Stored entries:
___

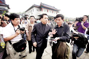 9點10分左右,常寶華、劉惠等人紛紛從側門離開,被群眾和媒體以包夾之勢分別圍住。
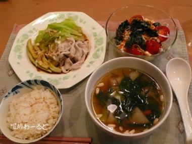 実家詣でから戻り、日曜日の夜は主人のリクエストで「モツ鍋」でした。暑いときに熱い鍋を食べて、汗をかきました。昨日の夕食は中華のような、韓国風のような、無国籍な料理。茄子は蒸し器で蒸す料理なのですが、面倒なので皮を剥いてラップしてレンジにかけました。(ある方のブログで、そうすると美味しく食べられるとあったので…)豚ロースの薄切りと、キャベツは茹でました。これは韓国海苔とコチュジャンを使用しているので韓国風冷奴でしょうか?豆腐は「男前」の寄せ豆腐を使ったところ、豆腐自体がかなり甘味がありました。絹ごしでも、韓国豆腐のように固いものでも良いと思いました。スープは、鶏がらスープストックを使い、れんこん、おかひじき、しょうが、にんにく、クコの実、松の実入り。いちおう「薬膳スープ」です。先週は後半、ドサ回り+実家詣でだったので久しぶりの家のご飯らしい、ご飯でした。
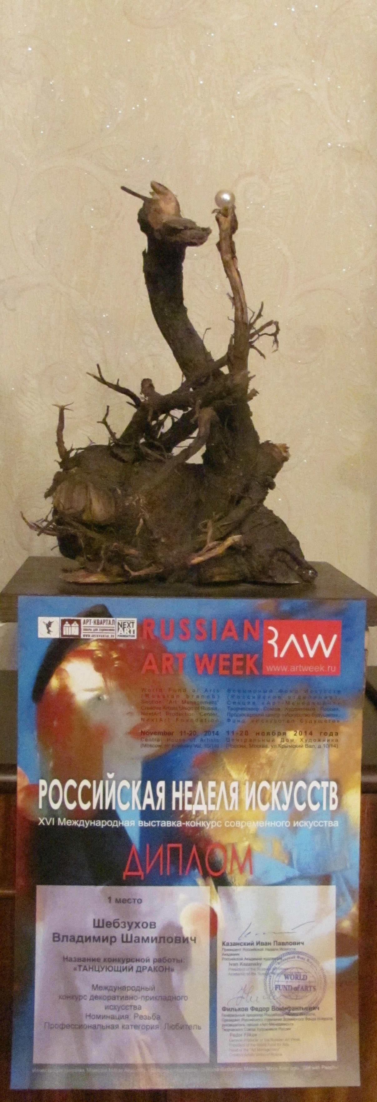 "Танцующий Дракон" (корень терновника)1 место автор В.Шебзухов международная выставка Современного Искусства Москва ЦДХ ноябрь 2014г
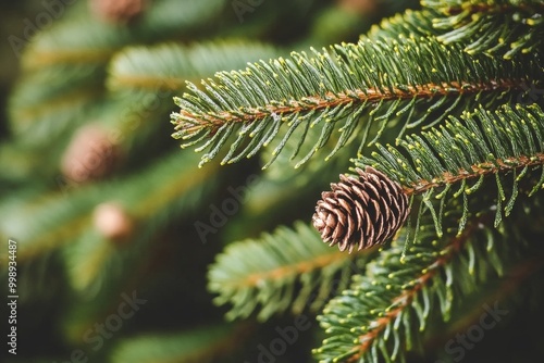 Close-up of evergreen tree branches with delicate pine cones, illuminated by soft natural light, capturing the beauty of nature during the winter holiday season.
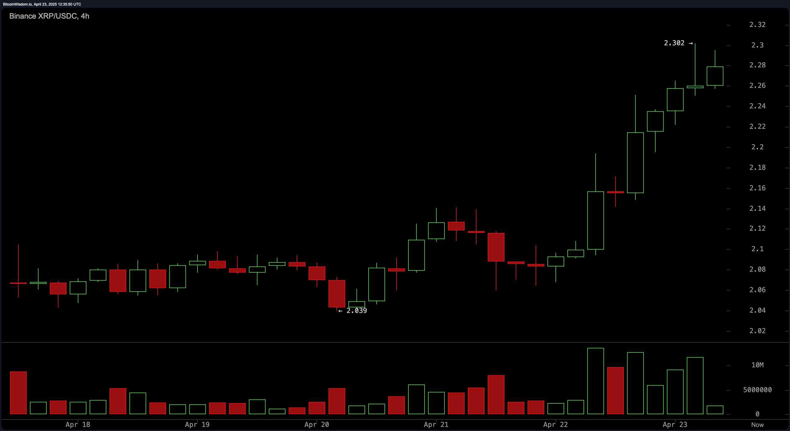 A crônica de quatro horas conta a uma história mais ousada. De US $ 2,04 a US $ 2,30, o XRP quebra a resistência como um homem selvagem com um martelo, marcando uma saga de triunfo que gera esperança no coração dos homens que esperam desesperadamente por “altos mais altos e mínimos mais altos”. No entanto, cuidado com um tropeço abaixo de US $ 2,18 – é o fio fino entre glória e desespero.
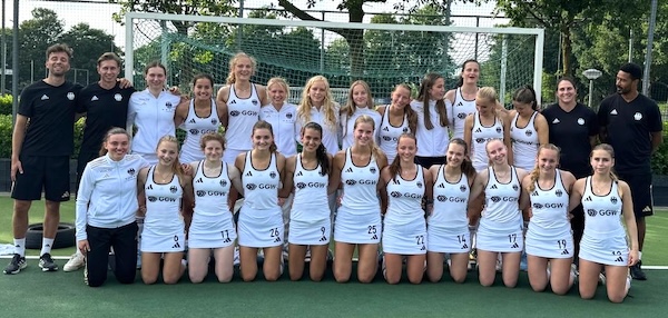 Die deutsche WU18 in Arnheim. Von links, kinten: Athletiktrainer Benjamin Linke, Physio Sören Gnoss, Johanna Warnecke, Maxi Green, Annasophia Möller, Janne Dreyer, Mai Steinebach, Lucia Rahm, Charlotte Rehmet, Luisa Zuther, Franziska Pabsch, Rosa Kunze, Hannah Groh, Bundestrainerin Corinna Zerbs, Co-Trainer Darren Cheesman; vorne: Franziska Hagen, Annika Schönhoff, Marisa Fahning, Lucy Zich, Marie Buddenberg, Fenna Utesch, Emma Knörndel, Emma Dieszbrock Greta Köllinger, Madita Niebuhr, Victoria Käske. Dazu gehören auch Emelie Tödter und Teammanagerin Michaela Scheibe.
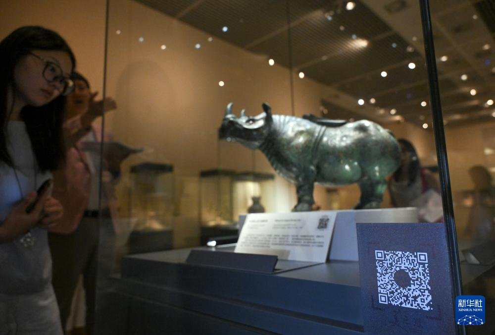 这是7月21日拍摄的错金银云纹青铜犀尊与“美之道”二维码。

___

> _What is being asked_: Please reproduce exactly, and nothing more, the lines from the one containing "Die deutsche WU18" through the last line of the entries, both included; pictures stay out.

> _Solution below_:
 Die deutsche WU18 in Arnheim. Von links, kinten: Athletiktrainer Benjamin Linke, Physio Sören Gnoss, Johanna Warnecke, Maxi Green, Annasophia Möller, Janne Dreyer, Mai Steinebach, Lucia Rahm, Charlotte Rehmet, Luisa Zuther, Franziska Pabsch, Rosa Kunze, Hannah Groh, Bundestrainerin Corinna Zerbs, Co-Trainer Darren Cheesman; vorne: Franziska Hagen, Annika Schönhoff, Marisa Fahning, Lucy Zich, Marie Buddenberg, Fenna Utesch, Emma Knörndel, Emma Dieszbrock Greta Köllinger, Madita Niebuhr, Victoria Käske. Dazu gehören auch Emelie Tödter und Teammanagerin Michaela Scheibe.
 这是7月21日拍摄的错金银云纹青铜犀尊与“美之道”二维码。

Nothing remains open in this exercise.